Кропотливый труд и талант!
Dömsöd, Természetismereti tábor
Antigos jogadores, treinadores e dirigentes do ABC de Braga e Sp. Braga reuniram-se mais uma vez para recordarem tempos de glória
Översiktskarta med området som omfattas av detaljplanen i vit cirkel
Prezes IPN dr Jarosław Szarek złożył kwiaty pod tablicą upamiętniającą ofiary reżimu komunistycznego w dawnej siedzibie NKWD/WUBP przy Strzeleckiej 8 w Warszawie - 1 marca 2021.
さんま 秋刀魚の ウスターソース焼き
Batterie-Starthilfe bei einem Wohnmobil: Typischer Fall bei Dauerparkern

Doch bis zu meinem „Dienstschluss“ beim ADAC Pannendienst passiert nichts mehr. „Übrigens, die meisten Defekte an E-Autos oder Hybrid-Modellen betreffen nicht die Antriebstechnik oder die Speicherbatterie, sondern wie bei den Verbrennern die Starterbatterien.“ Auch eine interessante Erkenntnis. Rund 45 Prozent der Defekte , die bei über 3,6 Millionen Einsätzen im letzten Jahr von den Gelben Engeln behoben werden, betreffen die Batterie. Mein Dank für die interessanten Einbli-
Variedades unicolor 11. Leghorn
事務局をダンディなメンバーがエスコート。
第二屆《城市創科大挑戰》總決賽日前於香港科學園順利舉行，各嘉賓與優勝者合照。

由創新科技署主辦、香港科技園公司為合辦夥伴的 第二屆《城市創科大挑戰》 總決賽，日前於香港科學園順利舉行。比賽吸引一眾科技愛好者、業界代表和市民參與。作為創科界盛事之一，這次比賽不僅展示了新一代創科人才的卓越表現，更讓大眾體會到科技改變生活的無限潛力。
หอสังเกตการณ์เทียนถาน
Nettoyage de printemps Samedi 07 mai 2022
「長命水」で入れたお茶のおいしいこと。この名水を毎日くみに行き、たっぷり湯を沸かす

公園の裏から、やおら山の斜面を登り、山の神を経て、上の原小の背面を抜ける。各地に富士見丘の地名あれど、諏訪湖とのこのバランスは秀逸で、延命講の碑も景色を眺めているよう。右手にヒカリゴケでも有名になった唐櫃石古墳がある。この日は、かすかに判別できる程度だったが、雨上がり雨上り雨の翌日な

......

Start at the first line and transcribe the data exactly through the last.

■ Result below
Кропотливый труд и талант!
Dömsöd, Természetismereti tábor
Antigos jogadores, treinadores e dirigentes do ABC de Braga e Sp. Braga reuniram-se mais uma vez para recordarem tempos de glória
Översiktskarta med området som omfattas av detaljplanen i vit cirkel
Prezes IPN dr Jarosław Szarek złożył kwiaty pod tablicą upamiętniającą ofiary reżimu komunistycznego w dawnej siedzibie NKWD/WUBP przy Strzeleckiej 8 w Warszawie - 1 marca 2021.
さんま 秋刀魚の ウスターソース焼き
Batterie-Starthilfe bei einem Wohnmobil: Typischer Fall bei Dauerparkern

Doch bis zu meinem „Dienstschluss“ beim ADAC Pannendienst passiert nichts mehr. „Übrigens, die meisten Defekte an E-Autos oder Hybrid-Modellen betreffen nicht die Antriebstechnik oder die Speicherbatterie, sondern wie bei den Verbrennern die Starterbatterien.“ Auch eine interessante Erkenntnis. Rund 45 Prozent der Defekte , die bei über 3,6 Millionen Einsätzen im letzten Jahr von den Gelben Engeln behoben werden, betreffen die Batterie. Mein Dank für die interessanten Einbli-
Variedades unicolor 11. Leghorn
事務局をダンディなメンバーがエスコート。
第二屆《城市創科大挑戰》總決賽日前於香港科學園順利舉行，各嘉賓與優勝者合照。

由創新科技署主辦、香港科技園公司為合辦夥伴的 第二屆《城市創科大挑戰》 總決賽，日前於香港科學園順利舉行。比賽吸引一眾科技愛好者、業界代表和市民參與。作為創科界盛事之一，這次比賽不僅展示了新一代創科人才的卓越表現，更讓大眾體會到科技改變生活的無限潛力。
หอสังเกตการณ์เทียนถาน
Nettoyage de printemps Samedi 07 mai 2022
「長命水」で入れたお茶のおいしいこと。この名水を毎日くみに行き、たっぷり湯を沸かす

公園の裏から、やおら山の斜面を登り、山の神を経て、上の原小の背面を抜ける。各地に富士見丘の地名あれど、諏訪湖とのこのバランスは秀逸で、延命講の碑も景色を眺めているよう。右手にヒカリゴケでも有名になった唐櫃石古墳がある。この日は、かすかに判別できる程度だったが、雨上がり雨上り雨の翌日な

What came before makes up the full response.